The conversation delves deeper into the implications of SpaceX's dominance in the space industry.
Market Influence: SpaceX's control over satellite launches and infrastructure positions it as a critical player in both commercial and military sectors.
Investment Perspective: Ed views SpaceX as an extraordinary investment due to its monopolistic advantage and essential role in global connectivity (51:16).
Scott contrasts SpaceX with other tech giants, noting that while AI companies like OpenAI are significant, SpaceX's technological moat remains unmatched.
Wrapping up, Scott and Ed reflect on the interplay between media distraction and significant economic events, predicting continued volatility and disruptive strategies from political figures.
Scott's Prediction: Anticipates a series of distracting and unfounded announcements from the White House to divert attention from pressing issues (58:03).
Ed's Agreement: Highlights the reinforcing cycle of distraction and the strengthening of conspiracy narratives within society (60:54).
Inflation Measures: Understanding the distinction between CPI and PPI is crucial in assessing the true impact of tariffs on the economy.
Retail Trading Surge: The unprecedented increase in retail investor activity is reshaping market dynamics, emphasizing the need for informed and disciplined investment strategies.

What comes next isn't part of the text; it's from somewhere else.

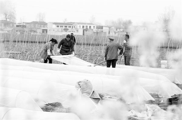 4月1日,在商水县袁老乡贾阁村,农民们正在田间给西瓜苗覆膜。连日来,气温回暖,该县农民抢抓农时投入春耕春种,田间地头处处是一幅幅美不胜收的春耕图。

Monopolistic Power in Space: SpaceX's dominance in the satellite launch market exemplifies the challenges and opportunities presented by monopolistic control in critical industries.

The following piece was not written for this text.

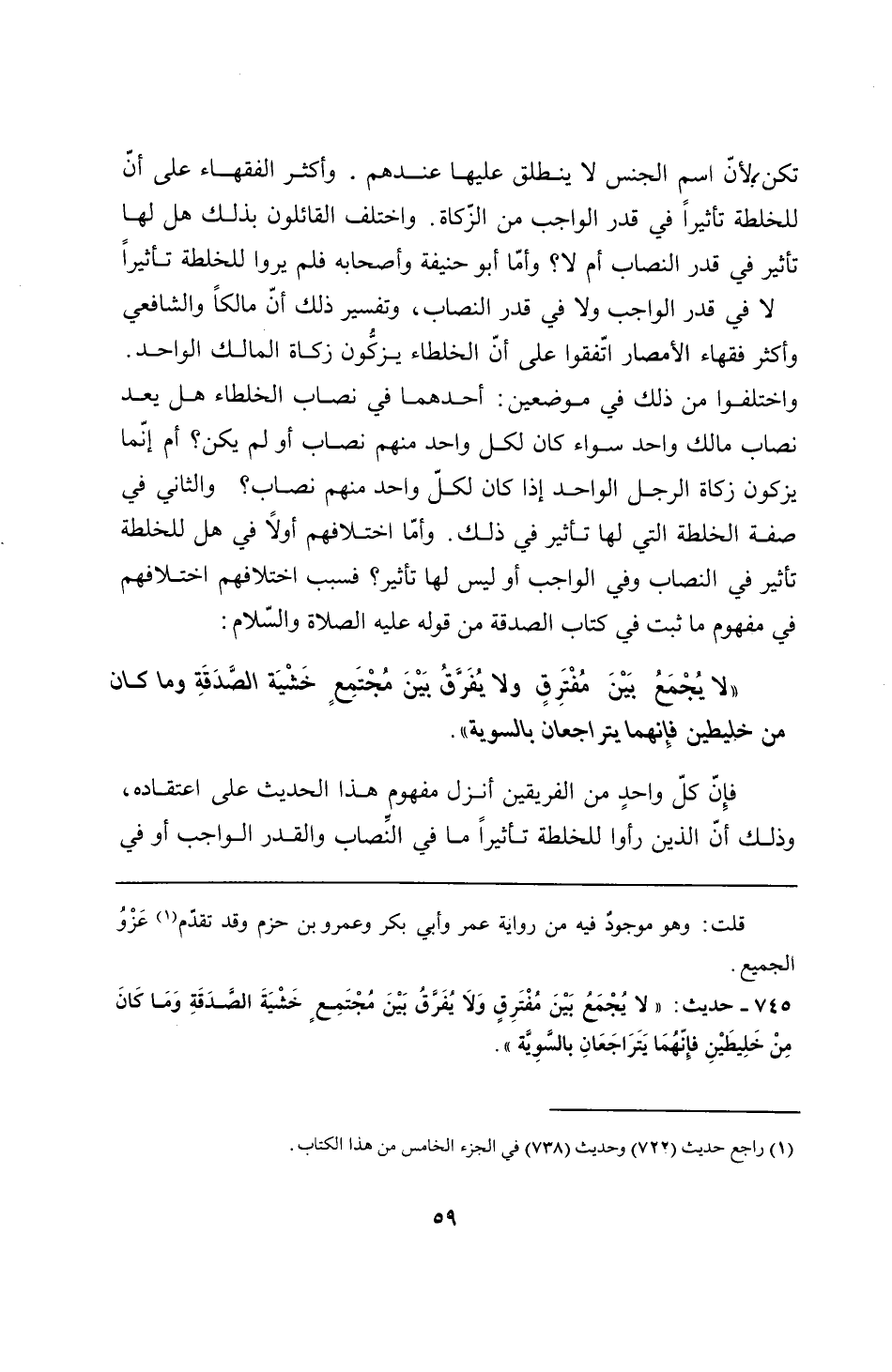 745 - حديث: "لا يُجْمَعُ بَيْنَ مُفْتَرِقٍ وَلَا يفَرقُ بَيْنَ مُجْتَمِعٍ خَشْيَةَ الصدقَةِ وَمَا كَانَ مِنْ خَلِيطَيْنِ فإِنّهُمَا يَتَرَاجَعَانِ بالسَّوِيَّة".

Media's Role: The polarization of media interpretations of economic data underscores the importance of critical thinking and balanced information consumption.
Notable Quotes
Ed Elson (08:06): "The PPI doesn't negate the impact of tariffs; it’s a measure of domestic production and doesn’t account for imported goods."
Scott Galloway (10:40): "Having tariffs and economic policies come back to bite us."
Scott Galloway (20:55): "Media has become entertainment, rewarding polarization."
Scott Galloway (35:22): "The democratization of investing is actually a good thing. Bringing people into the markets and making it easy for them to start investing, that is a good thing."
Ed Elson (44:00): "This is like the most dominant monopoly we've seen in a really long time."
Scott Galloway (51:16): "Starlink is the most impressive product I've used in the last decade."
Conclusion
This episode of Prof G Markets provides a comprehensive analysis of the factors driving a historic quarter in stock trading, emphasizing the significant roles of retail investors and monopolistic entities like SpaceX. The hosts encourage listeners to adopt disciplined investment strategies amidst a landscape of polarized information and speculative trading behaviors.